> [WORK ORDER]:
The answer must be an exact copy of the lines from the one with "公司早已順利通過ISO900" to the last line of the entries below, both included, and must contain no pictures.

> [DATA FOR REVIEW]:

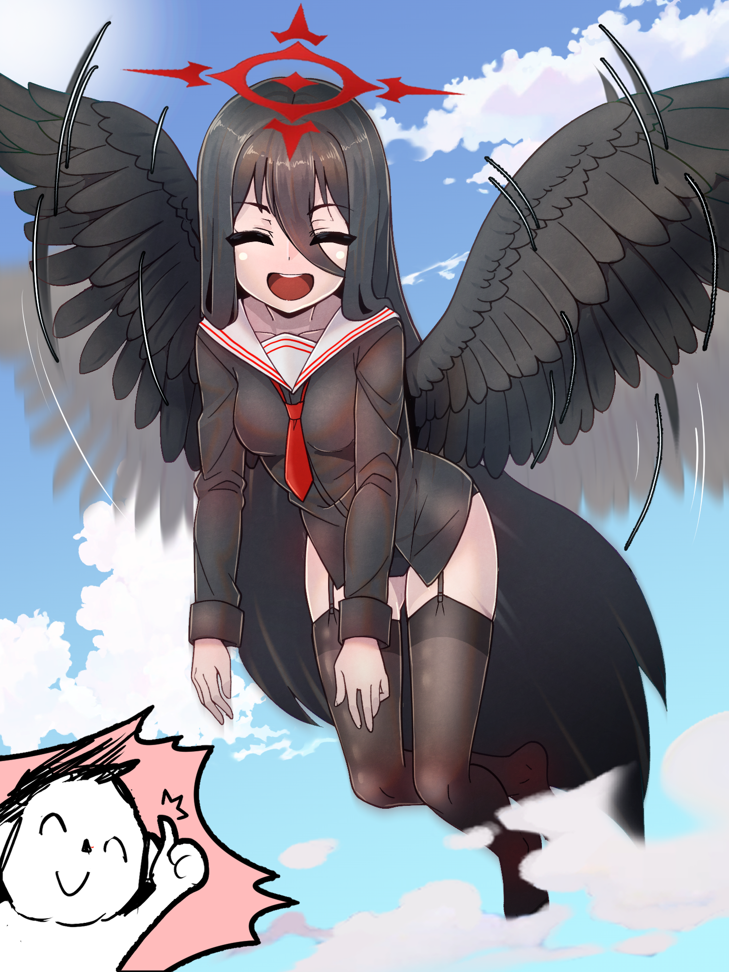 aged_down alternate_breast_size arms_at_sides black_garter_belt black_garter_straps black_hair black_panties black_serafuku black_shirt black_thighhighs blue_archive blue_sky breasts closed_eyes cloud collarbone doodle_sensei_(blue_archive) feathered_wings flapping flying garter_belt garter_straps hair_between_eyes halo happy hasumi_(blue_archive) highres oversized_wings long_hair long_hair_between_eyes long_sleeves mole mole_under_eye necktie nikrop no_pants no_shoes open_mouth outdoors panties red_halo red_necktie round_teeth sailor_collar school_uniform sensei_(blue_archive) serafuku shirt short_necktie sky sleeve_cuffs small_breasts smile teeth thighhighs thumbs_up underwear very_long_hair white_sailor_collar wings
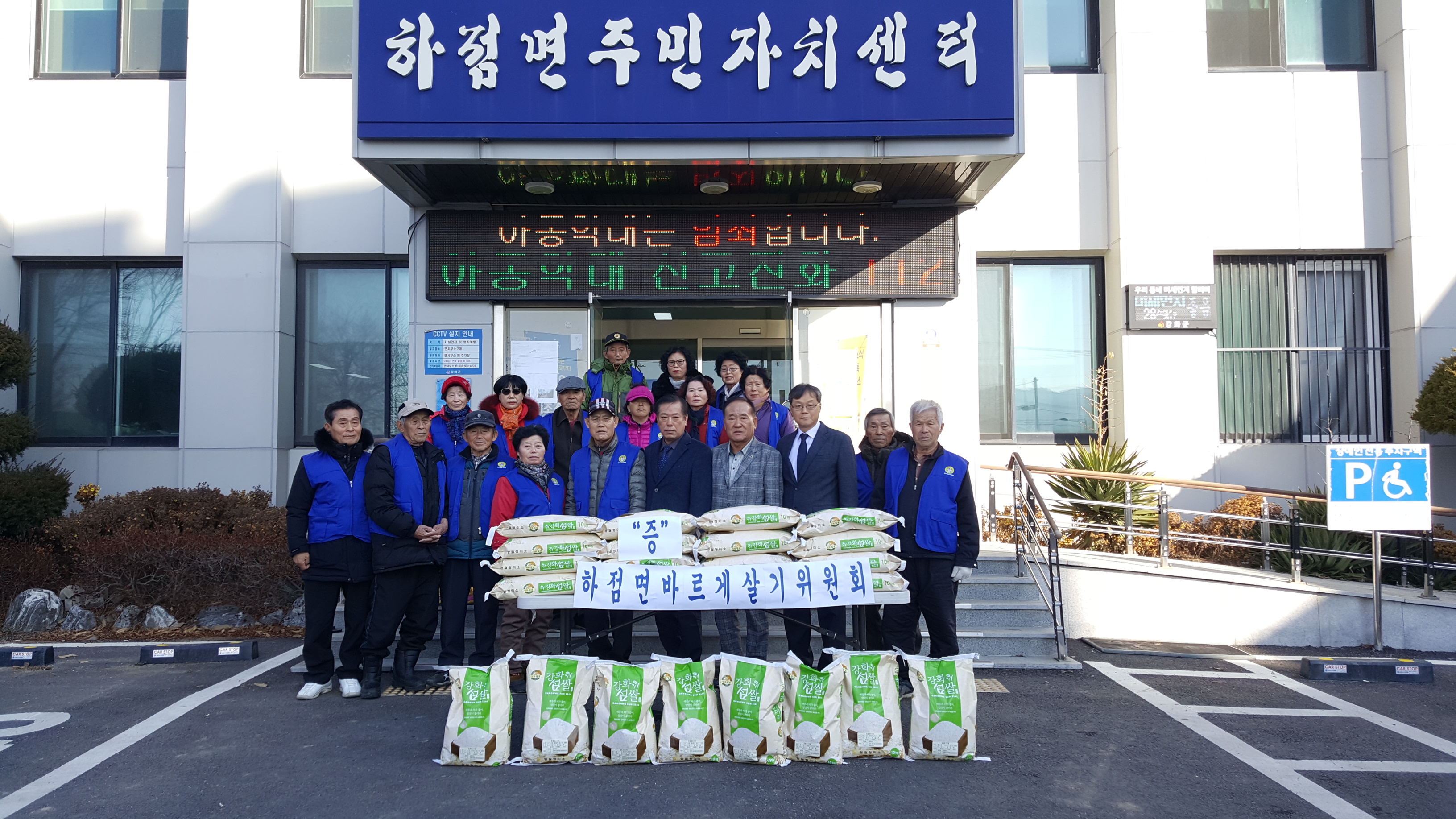 하점면 바르게살기위원회(회장 : 한상복)는 18일 회원 20여명이 모여 오전에 하점방향 내가천 일원에서 연말을 맞이하여 깨끗한 하점 만들기를 위한 대청소를 실시하고, 오후에는 관내 독거노인 등 어려운 이웃에게 쌀(10kg) 24포대를 회원들이 직접 가정을 방문해 전달하며 따뜻한 격려와 위로로 이웃사랑을 실천했다.
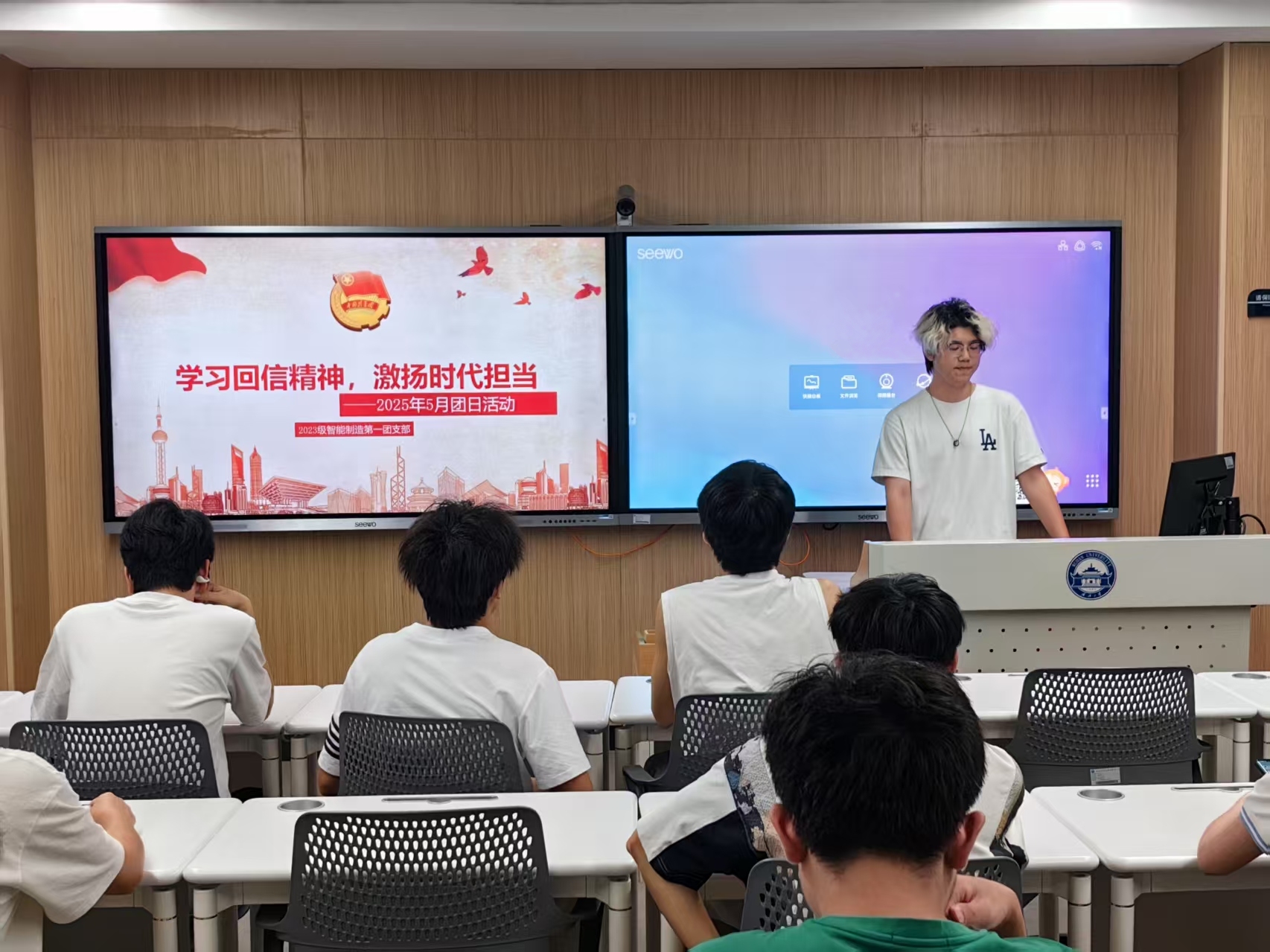 (文字记者:朱昊彤 图片记者:朱昊彤)2025年5月26日,杏吧 2023级智能制造第一团支部全体团员青年于工学部A教学楼213教室开展“学习回信精神,激扬时代担当”主题团日活动。此次活动由团支部书记占子钦主持,旨在引领团员青年们深入学习习近平总书记重要回信精神,传承五四精神内核,激励团员青年们以青春之力投身中国式现代化建设。
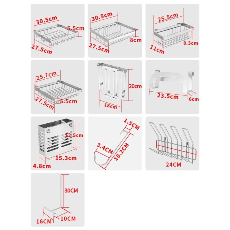| 付属品一覧 | 食器ラック、ボウルラック、包丁ラック、まな板ラック、洗剤ラック、箸ラック、カップラック、ティッシュラック、フック5個 |
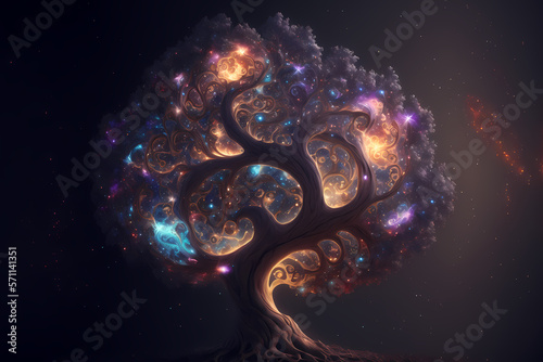 The watermark will not be included on Canvas Print.: The space tree of all life and existence, generative ai
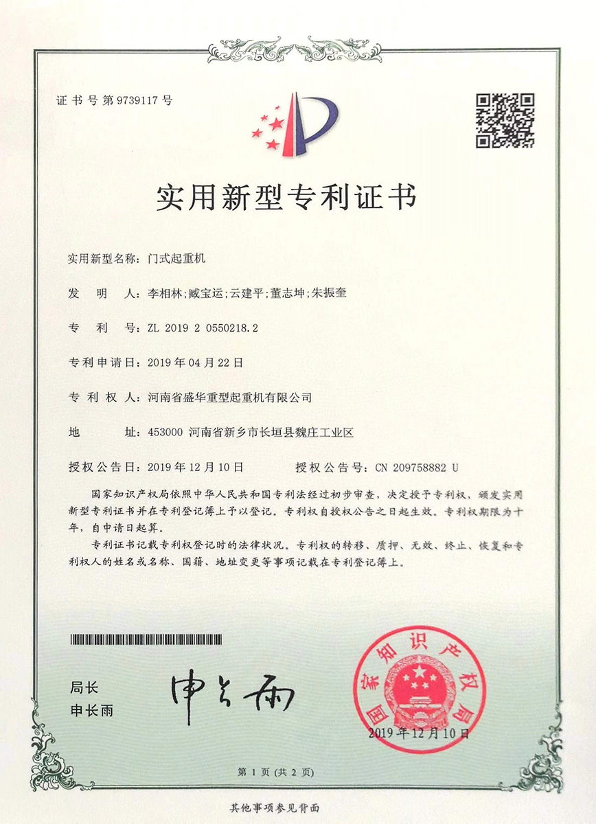 公司早已順利通過ISO9001國際質量體系認證,ISO14001環境管理體系認證,GB/T28001職業健康管理體系認證,已榮獲“中國知名起重機十佳品牌”,“河南省博士后研發基地”,“信用AAA 級企業”等多項榮譽,獲得了10多項國家證書。
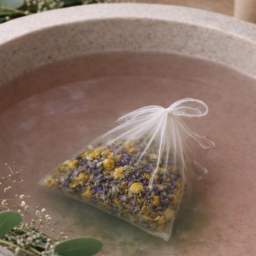 How to enjoy: Pre-steep the herbs in hot water for 5–10 minutes in a bowl, then pour the infusion into your warm bathtub. For a lighter infusion, simply place the steeping bag directly into the tub.
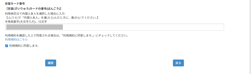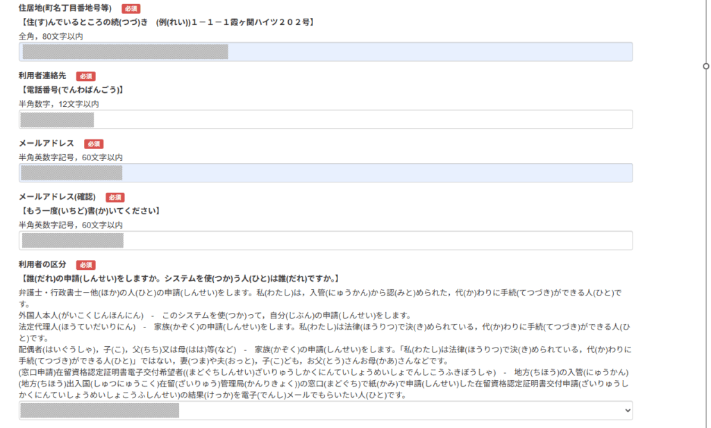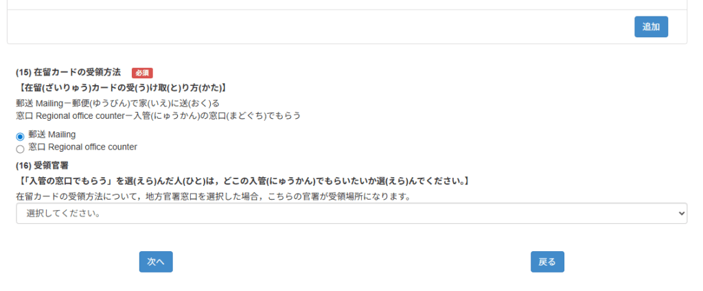 必要事項を入力します。在留カードの受領方法で「郵送」を選択します。(窓口に行かずに完全に自宅からオンラインで完結させようとしています)
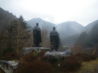 県道378号を源流点登山口への分岐点まで戻り、四万十川に沿って少し下ると道脇の小高い塚に像が立つ。ちょっと立ち寄り。四万十川の源流域を背景に二体の像が立つ。

> [ANSWER SPACE]:
 公司早已順利通過ISO9001國際質量體系認證,ISO14001環境管理體系認證,GB/T28001職業健康管理體系認證,已榮獲“中國知名起重機十佳品牌”,“河南省博士后研發基地”,“信用AAA 級企業”等多項榮譽,獲得了10多項國家證書。
 How to enjoy: Pre-steep the herbs in hot water for 5–10 minutes in a bowl, then pour the infusion into your warm bathtub. For a lighter infusion, simply place the steeping bag directly into the tub.
 必要事項を入力します。在留カードの受領方法で「郵送」を選択します。(窓口に行かずに完全に自宅からオンラインで完結させようとしています)
 県道378号を源流点登山口への分岐点まで戻り、四万十川に沿って少し下ると道脇の小高い塚に像が立つ。ちょっと立ち寄り。四万十川の源流域を背景に二体の像が立つ。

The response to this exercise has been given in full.